Most online course creators fail.

It looks easier than it is.

I should know — I failed three times before successfully launching an academy the fourth time round. Now I have successfully launched seven best-selling courses on Teachable.

Here is a list of short strategies I learned along the way. Most of them are backed up not just by my experience but the data from my online school.

Two teachers are better than one

I teach content creators how to make a career out of it with my friend Todd.

Before, I tried to do it all myself. But I don’t have all the skills.

  • I can’t edit video
  • I can’t write lesson plans
  • I can’t build landing pages
  • I’m bad at traditional writing
  • I don’t know how to run email software

Once I gave up trying to do it by myself and collaborated, everything changed. Suddenly the process felt less lonely. I had a smart human to bounce ideas off and reign me in when I got too wild.

The real aha-moment was when a student said “it’s just more engaging. Two is better than one. I can tell you guys are friends and you appear to have the time of your life.”

That’s so true.

Most online courses are boring and dry. They’re worse than university lectures. Courses are a form of entertainment, too.

All content — including courses — has to be fun, engaging, interesting, packed with insights, and contain raw emotion.

Basic online content rules don’t change because of the format.

Take the best three lessons and make them free

Many creators hoard their knowledge. They stick it behind the paywall of a course and scream “pay me b*tch.” Dumb.

We give away some of the best stuff for free.

An abundance mindset attracts more students. People need to see you teach for free before they’ll ever pay you a dollar. Don’t forget that.

Cohort versus on-demand versus live

Many course creators argue over the format.

I spoke to one 7-figure course creator today on a Zoom call. He runs a cohort-based academy.

“Mate, cohorts are the way to go, right?”

“Nah, my students are busy and tell me they prefer on-demand learning they can do in their own time at their own pace.”

I’ve done mostly on-demand courses that students do as they want. In the last six months we have pivoted to add certain features from the cohort model such as coaching, audits, live workshops, etc.

There is no one course model that works.

On-demand appears to be less friction for the teacher but it’s not for every student. And cohort-based courses are a huge time suck that requires teachers to show up for class at times that may not work for students.

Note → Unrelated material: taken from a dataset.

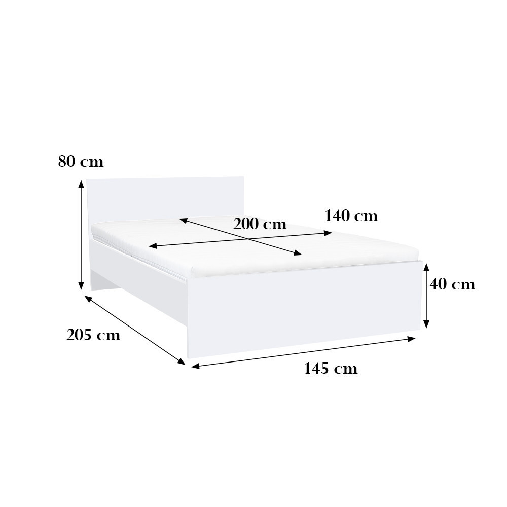 | Méretek | Ágykeret: 205 x 145 cm, Ágytámla: 80 x 145 cm, Matrac (ajánlott méret): 200 x 140 cm. |

A hybrid of all course formats is what I’m going to do from now on. The key is to experiment and focus on getting students results.

We don’t want to pay to learn. We want to pay to get skills we can use.

The one thing every course creator overlooks

Most courses are too long.

I found when I buy courses I like lessons to be less than 30 minutes. This creates the feeling that I’m making progress.

Too many course creators go on rants and don’t get to the point. They sell 40-hour+ courses no one has time to do. As I’ve become more experienced, I’ve learned to cut lessons down and edit out the fluff.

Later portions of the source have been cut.